Records excerpted from a collection:
#####

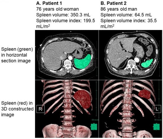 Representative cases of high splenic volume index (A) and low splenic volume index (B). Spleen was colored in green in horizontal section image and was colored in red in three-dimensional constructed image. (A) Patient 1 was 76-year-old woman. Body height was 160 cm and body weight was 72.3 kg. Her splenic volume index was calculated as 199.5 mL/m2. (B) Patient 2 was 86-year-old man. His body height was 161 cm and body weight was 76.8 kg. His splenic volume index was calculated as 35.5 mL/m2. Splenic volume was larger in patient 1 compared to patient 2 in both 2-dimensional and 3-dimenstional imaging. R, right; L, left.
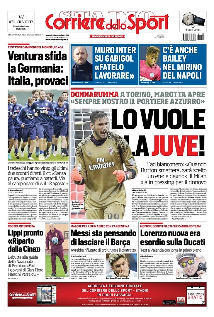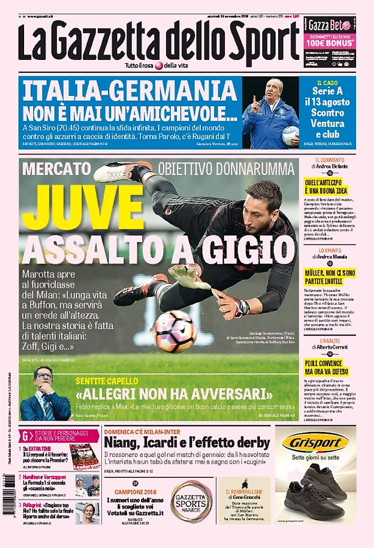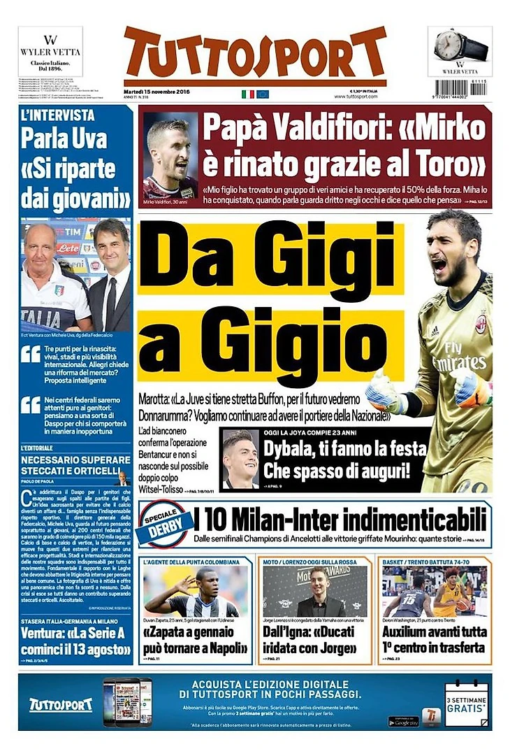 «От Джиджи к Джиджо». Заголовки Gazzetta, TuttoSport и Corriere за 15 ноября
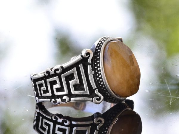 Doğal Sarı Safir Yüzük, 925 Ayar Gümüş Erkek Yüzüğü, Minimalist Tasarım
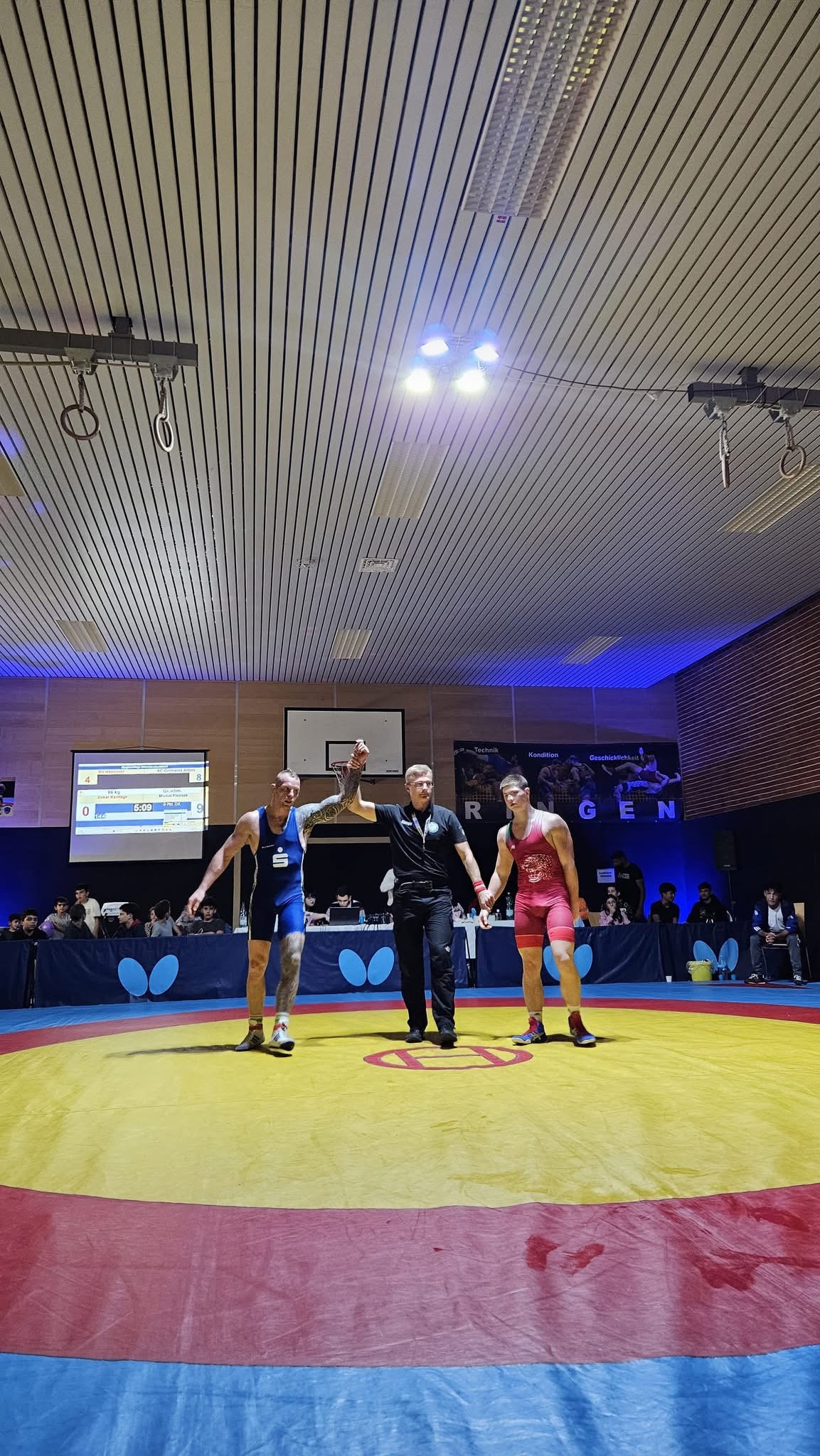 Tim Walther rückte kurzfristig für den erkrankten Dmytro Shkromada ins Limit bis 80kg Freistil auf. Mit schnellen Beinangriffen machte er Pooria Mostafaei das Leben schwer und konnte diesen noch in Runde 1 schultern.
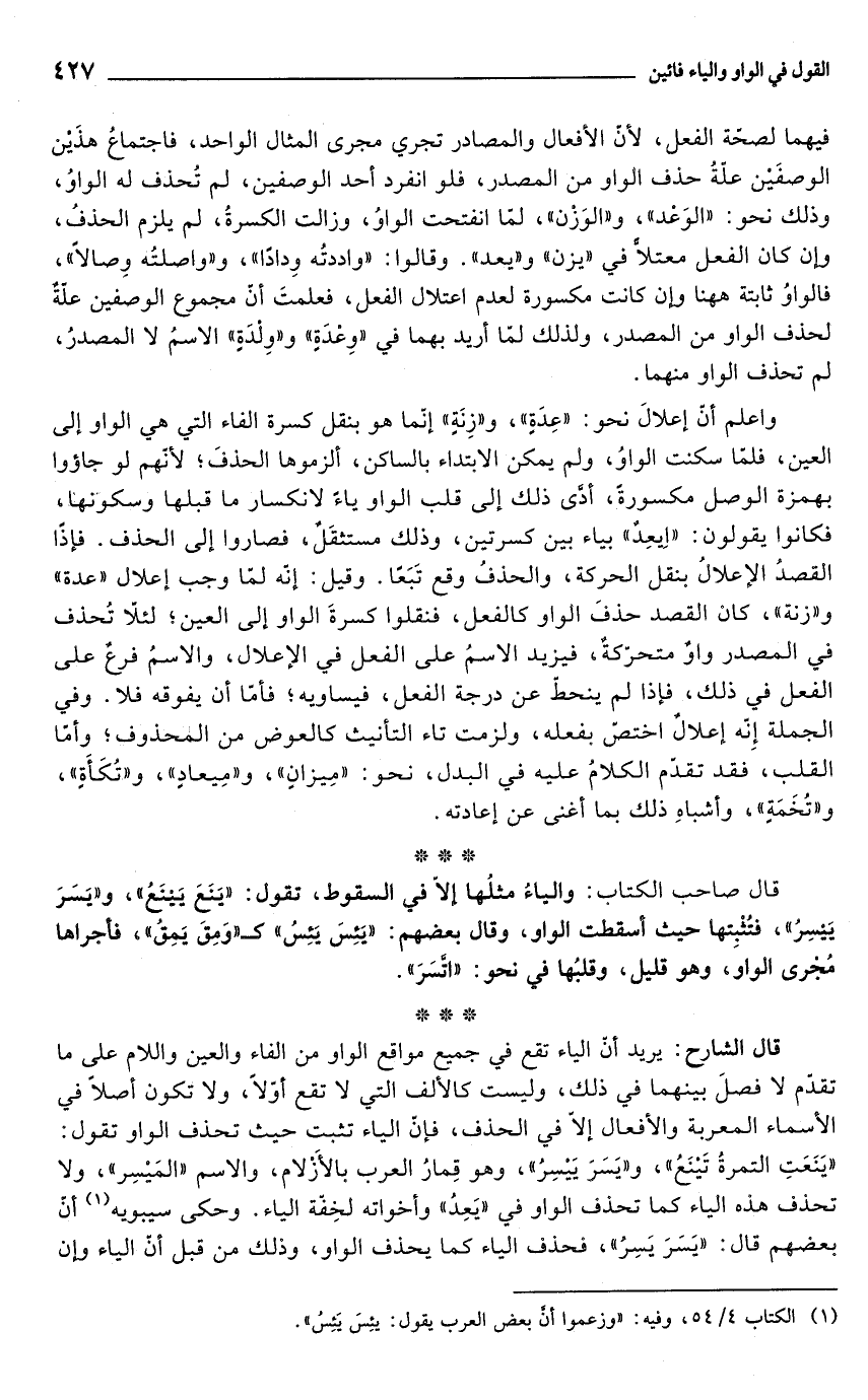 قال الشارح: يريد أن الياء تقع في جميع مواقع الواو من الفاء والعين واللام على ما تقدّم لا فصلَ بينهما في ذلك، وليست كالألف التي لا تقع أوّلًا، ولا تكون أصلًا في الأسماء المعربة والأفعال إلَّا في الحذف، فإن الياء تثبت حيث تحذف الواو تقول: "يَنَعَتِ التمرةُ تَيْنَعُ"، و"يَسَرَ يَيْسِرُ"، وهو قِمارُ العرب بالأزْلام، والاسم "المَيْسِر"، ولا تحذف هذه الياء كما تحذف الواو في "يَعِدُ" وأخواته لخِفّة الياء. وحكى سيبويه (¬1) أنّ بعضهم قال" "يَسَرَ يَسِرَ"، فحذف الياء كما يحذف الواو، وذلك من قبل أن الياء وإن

#####

The required output is the line containing "Doğal Sarı Safir" plus every line after it to the end of the data, copied exactly and with no pictures.

## Task result
 Doğal Sarı Safir Yüzük, 925 Ayar Gümüş Erkek Yüzüğü, Minimalist Tasarım
 Tim Walther rückte kurzfristig für den erkrankten Dmytro Shkromada ins Limit bis 80kg Freistil auf. Mit schnellen Beinangriffen machte er Pooria Mostafaei das Leben schwer und konnte diesen noch in Runde 1 schultern.
 قال الشارح: يريد أن الياء تقع في جميع مواقع الواو من الفاء والعين واللام على ما تقدّم لا فصلَ بينهما في ذلك، وليست كالألف التي لا تقع أوّلًا، ولا تكون أصلًا في الأسماء المعربة والأفعال إلَّا في الحذف، فإن الياء تثبت حيث تحذف الواو تقول: "يَنَعَتِ التمرةُ تَيْنَعُ"، و"يَسَرَ يَيْسِرُ"، وهو قِمارُ العرب بالأزْلام، والاسم "المَيْسِر"، ولا تحذف هذه الياء كما تحذف الواو في "يَعِدُ" وأخواته لخِفّة الياء. وحكى سيبويه (¬1) أنّ بعضهم قال" "يَسَرَ يَسِرَ"، فحذف الياء كما يحذف الواو، وذلك من قبل أن الياء وإن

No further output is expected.